— How to complete this task —
What you should give back is a precise copy of the lines below from the one containing "Ruth wird von" through the one containing "Порты: 8 х GE", with no pictures.

========================

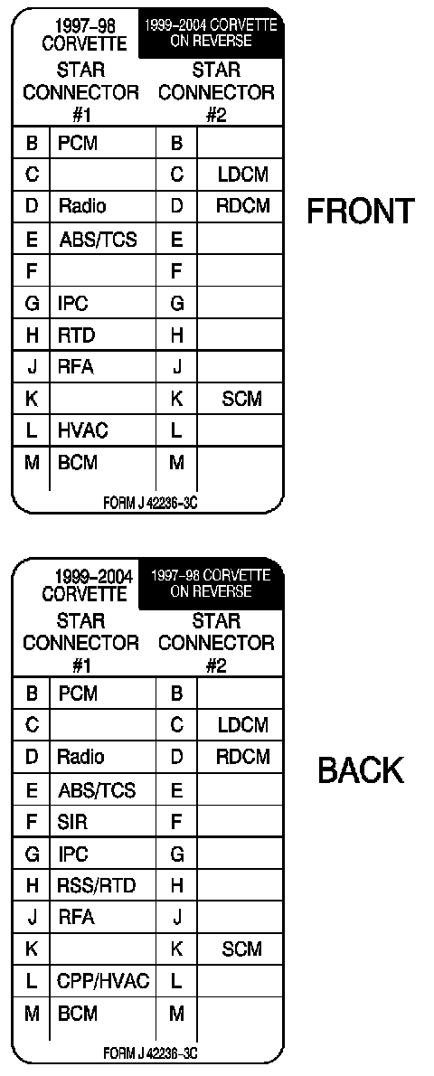All 1997-2004 Chevrolet Corvette models are equipped with two Class II data line splice packs (also called star connectors). Essential tool J 42236-A is designed to connect to these splice packs and is required for PCM reprogramming and data line diagnosis.
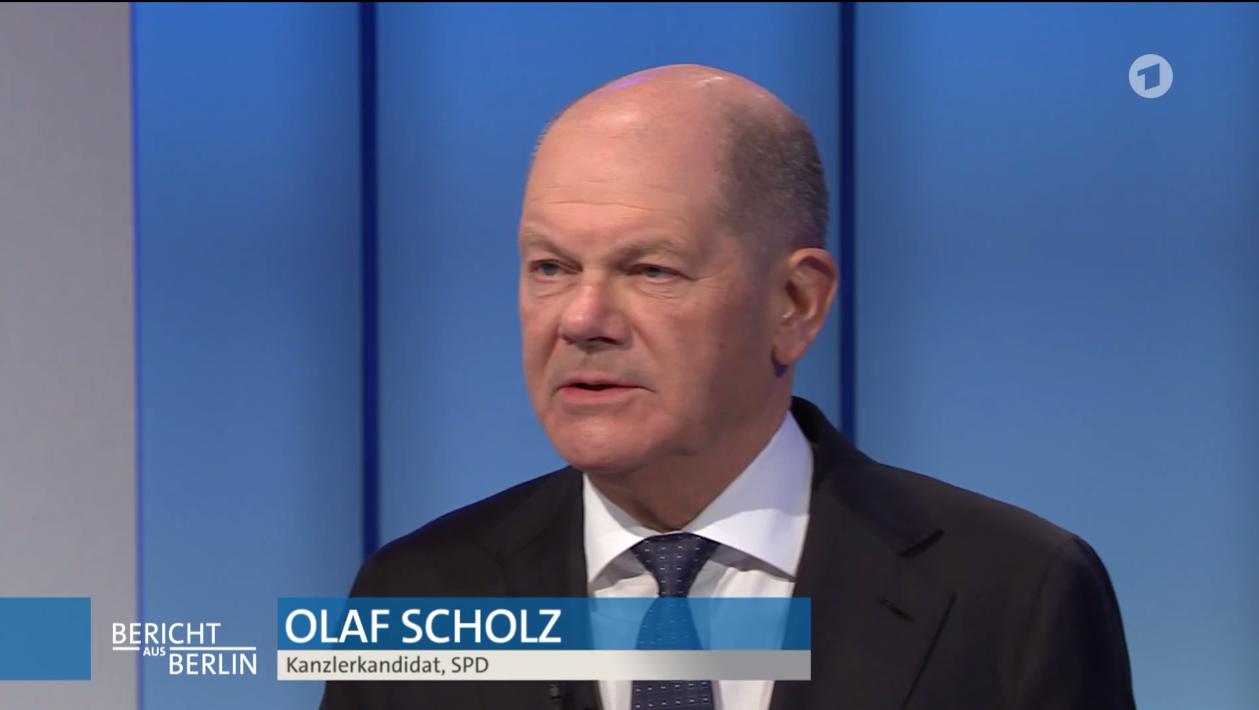 Ruth wird von der ARD für ein Interview mit Olaf Scholz im Wahlkampf befragt.
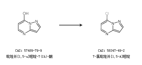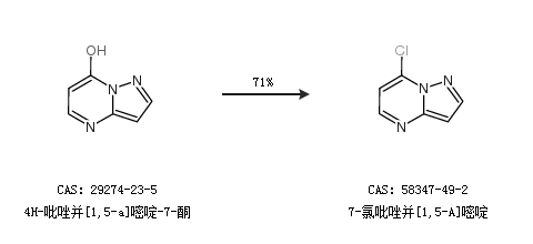 1.通過(guò)4H-吡唑并[1,5-a]嘧啶-7-酮合成7-氯吡唑并[1,5-A]嘧啶,收率約71%;
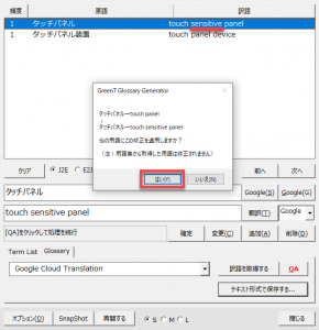 GreenTのGlossary Generator を使い案件毎に用語集を作成する際に、[確定]ボタンがあることに気が付きましたか?
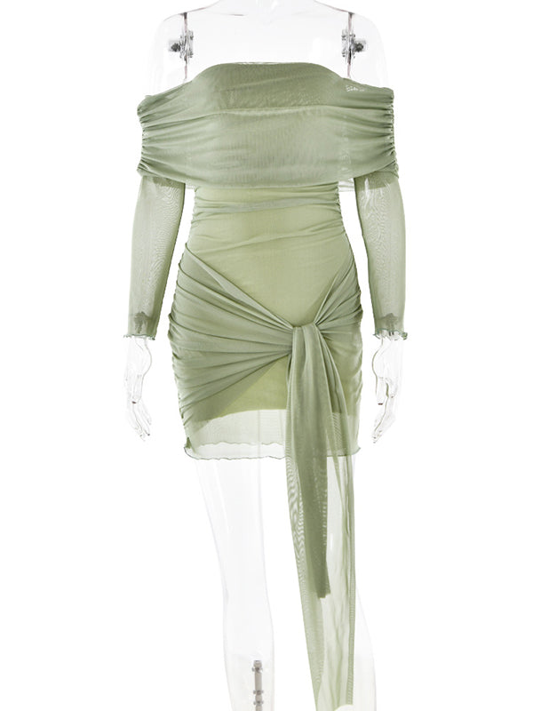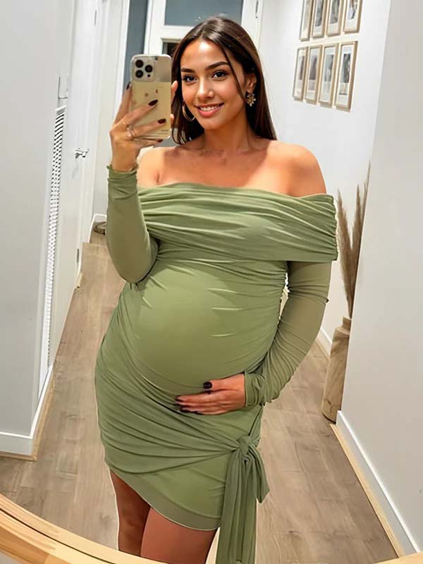 fotobeyou Green Mesh Ruched Knot Draped Off Shoulder Bodycon Elegant Cocktail Party Maternity Photoshoot Baby Shower Mini Dress
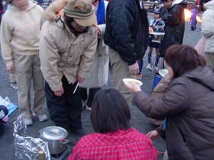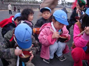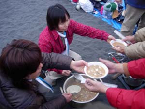 | そして、その後は、お楽しみ。 団委員会特製の、ブタ汁とお汁粉。 |
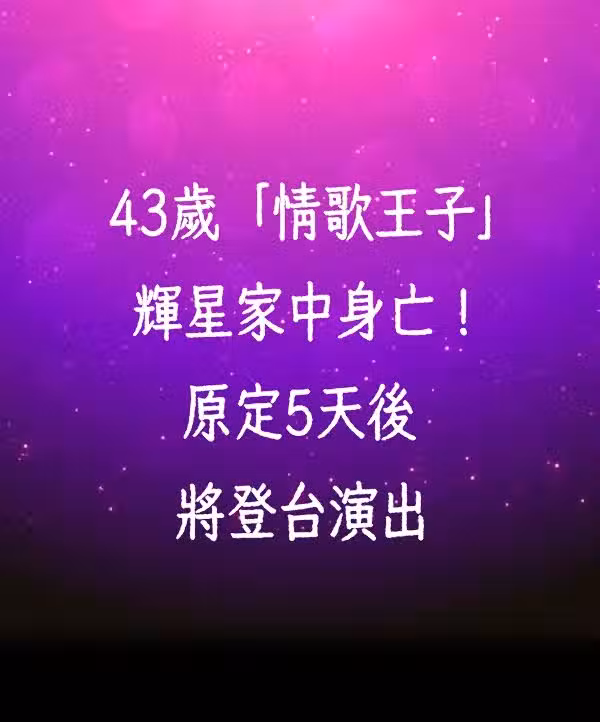 43歲「情歌王子」輝星陳屍家中! 原定5天後將登台演出!
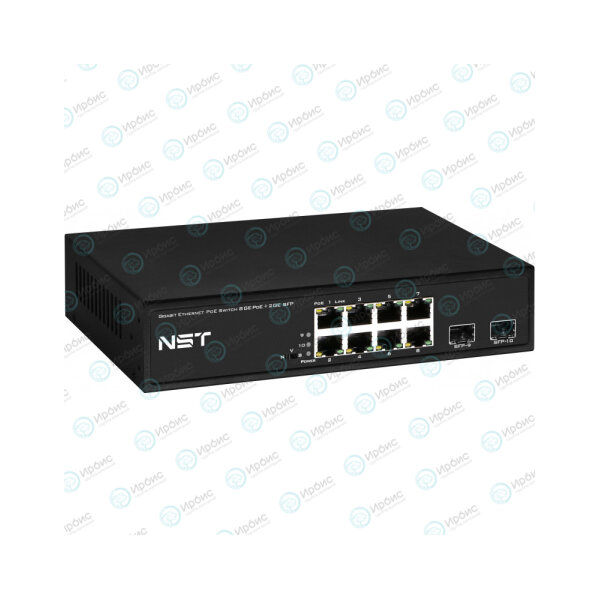 Порты: 8 х GE (10/100/1000 Base-T) с поддержкой PoE (IEEE 802.3af/at), 2 x GE SFP (1000 Base-T)
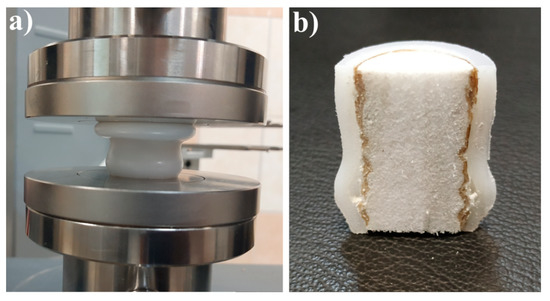 Cylindrical multi- UHMWPE forms samples, made of porous UHMWPE as trabecular layer and armored layer (cortical layer) that consists of bulk and films of UHMWPE. (a) The sample appearance in the end of the mechanical test; (b) dissected sample that shows the fixation of the glued multi- UHMWPE forms after the mechanical test.

========================

— Task response —
 Ruth wird von der ARD für ein Interview mit Olaf Scholz im Wahlkampf befragt.
 1.通過(guò)4H-吡唑并[1,5-a]嘧啶-7-酮合成7-氯吡唑并[1,5-A]嘧啶,收率約71%;
 GreenTのGlossary Generator を使い案件毎に用語集を作成する際に、[確定]ボタンがあることに気が付きましたか?
 fotobeyou Green Mesh Ruched Knot Draped Off Shoulder Bodycon Elegant Cocktail Party Maternity Photoshoot Baby Shower Mini Dress
 | そして、その後は、お楽しみ。 団委員会特製の、ブタ汁とお汁粉。 |
 43歲「情歌王子」輝星陳屍家中! 原定5天後將登台演出!
 Порты: 8 х GE (10/100/1000 Base-T) с поддержкой PoE (IEEE 802.3af/at), 2 x GE SFP (1000 Base-T)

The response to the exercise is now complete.